POKEMON • FLUTTER GAME FROM SCRATCH

Building a Pokémon Game with Flutter

Introduction to the Project

• The speaker introduces a new project for 2021, focusing on building a Pokémon game from scratch using Flutter. This project aims to evoke nostalgia and enhance understanding of the Flutter framework and Dart language.

• The speaker expresses hope that this tutorial will provide educational value or inspiration, especially for beginner coders facing challenges in learning programming.

Setting Up the Flutter App

• The development begins by creating a new Flutter app, where the speaker deletes existing code to start fresh. A stateless widget is created as the foundation of the app.

• The speaker configures the MaterialApp settings, including disabling the debug banner and setting up a home page with a stateful widget called HomePage.

Designing the Game Layout

• The layout design is inspired by classic Game Boy aesthetics, featuring controls at the bottom and gameplay on top. A column widget is used to structure these elements.

• To achieve an appropriate screen division, expanded widgets are utilized; however, an aspect ratio widget is introduced for maintaining a square shape for gameplay.

Implementing Aspect Ratio and UI Elements

• An explanation of aspect ratio highlights its importance in defining width-to-height relationships; specifically aiming for a 1:1 ratio for square gameplay.

• The top section's color scheme is adjusted to black with dark gray text added to enhance visibility. Branding elements like "Game Boy" and creator credits are included in this section.

Adding Buttons and Interactivity

• Padding adjustments are made to improve layout spacing. Text styles are modified for better readability against background colors.

• A button class is introduced that accepts text and functions as parameters. This class will be used later in creating interactive buttons within the game interface.

Finalizing Button Functionality

Game Development UI Design

Designing the Layout with Rows and Columns

• The speaker discusses the need for arrows (up, left, down, right) in the layout and mentions using rows and columns to achieve a crude design.

• A grid view builder is considered but ultimately dismissed in favor of simpler rows and columns for this project.

• The initial layout consists of grids where directional buttons will be placed, eliminating unnecessary individual buttons from the middle section.

• A blank container is created to remove unwanted elements from the interface, ensuring a cleaner look.

• Main axis alignment is adjusted to space elements evenly within the row.

Implementing Arrow Buttons

• The speaker replaces placeholder text with actual arrow symbols representing directions (up, left, right, down).

• Adjustments are made to ensure that button placements reflect a staggered diagonal movement similar to classic game controllers.

Creating Button Functionality

• Additional rows and columns are introduced to create mini grids for button arrangements while maintaining simplicity over complexity.

• The speaker outlines plans for creating methods corresponding to each button's function (move left, move up, move down).

Finalizing UI Elements

• Functions are defined for each action button: moving up/down/left/right and pressing 'A' or 'B'.

• Visual improvements are planned for the Game Boy interface by changing color schemes.

Incorporating Sprites into Game Design

• The next step involves downloading sprites from online resources; sprites are collections of images used in games.

• Specific examples of sprite sheets related to Pokémon games are mentioned as sources for graphics needed in this project.

Utilizing Resources Effectively

• Instructions on cropping downloaded sprite sheets into usable files highlight practical steps in preparing assets for game development.

Setting Up Image Assets in Flutter

Adding Images to the Project

• Navigate to your project folder and locate the app's library.
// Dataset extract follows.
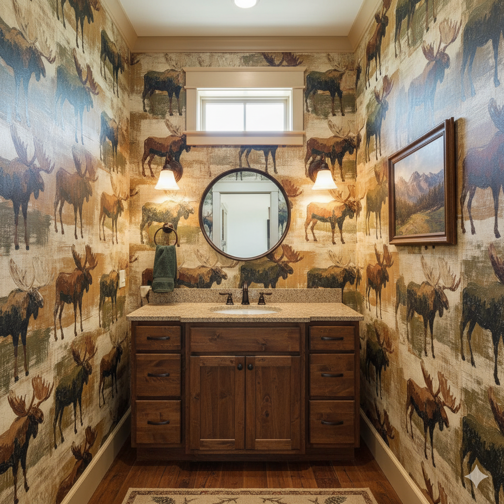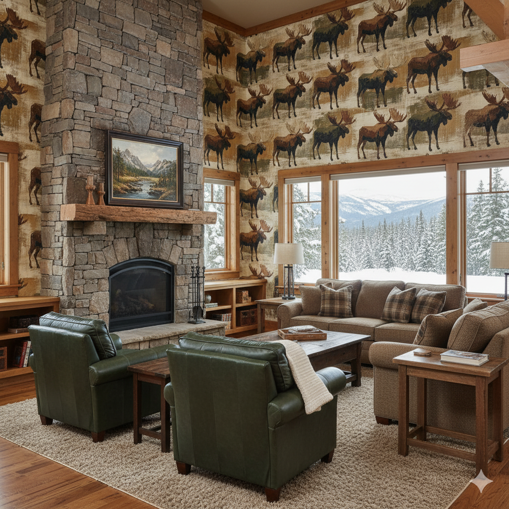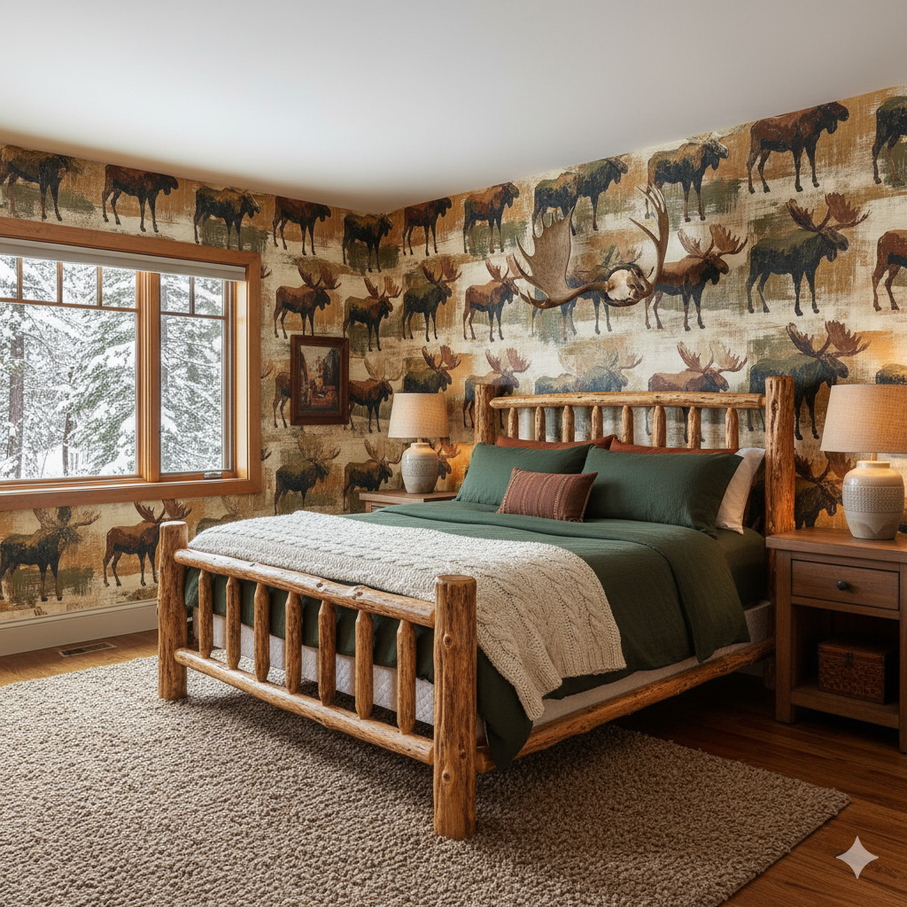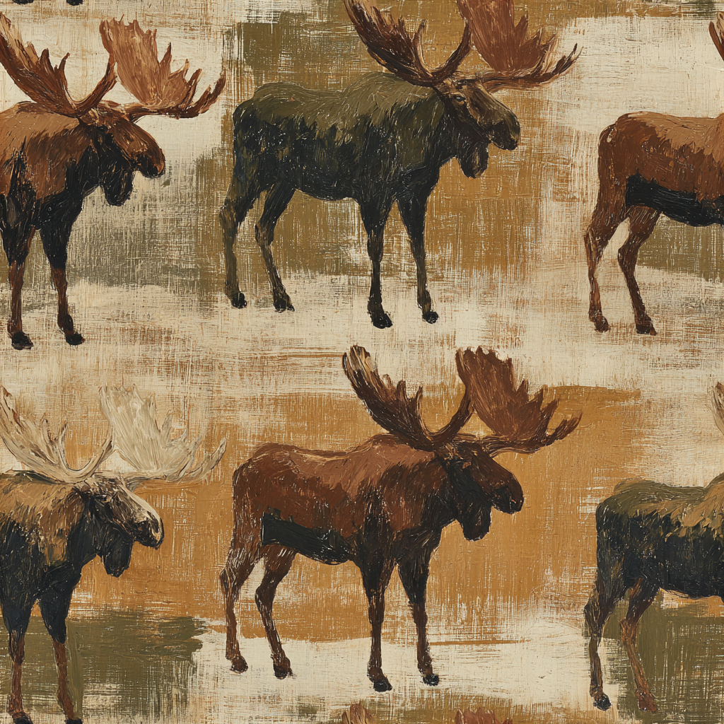 Kingsley Range brings a stately wilderness energy into the home — a tribute to northern forests and the raw, untamed strength of nature. Rich painterly moose silhouettes stride across a backdrop of ochre, tobacco, and weathered bark tones, each stroke intentionally layered to mimic the texture of oil on canvas. There’s a rugged sophistication to it — masculine yet timeless, earthy yet artistic. Perfect for lodges, cabins, and modern rustic spaces that crave warmth and depth, this wallpaper pairs beautifully with dark wood, antler accents, and leather furnishings. It evokes autumn hikes and crackling fires, blending natural strength with an art collector’s sensibility.

Create an "images" folder within it for storing image assets.

• Update the pubspec.yaml file by uncommenting the assets section under Flutter, specifying the path as library/images/. This allows Flutter to recognize and include these images in your project.

Creating a New Folder for Maps

• Create a new folder named "maps" within your project structure to organize map-related files.

• Inside this maps folder, create a file called little_root.dart, which will define a stateless widget named LittleRoot.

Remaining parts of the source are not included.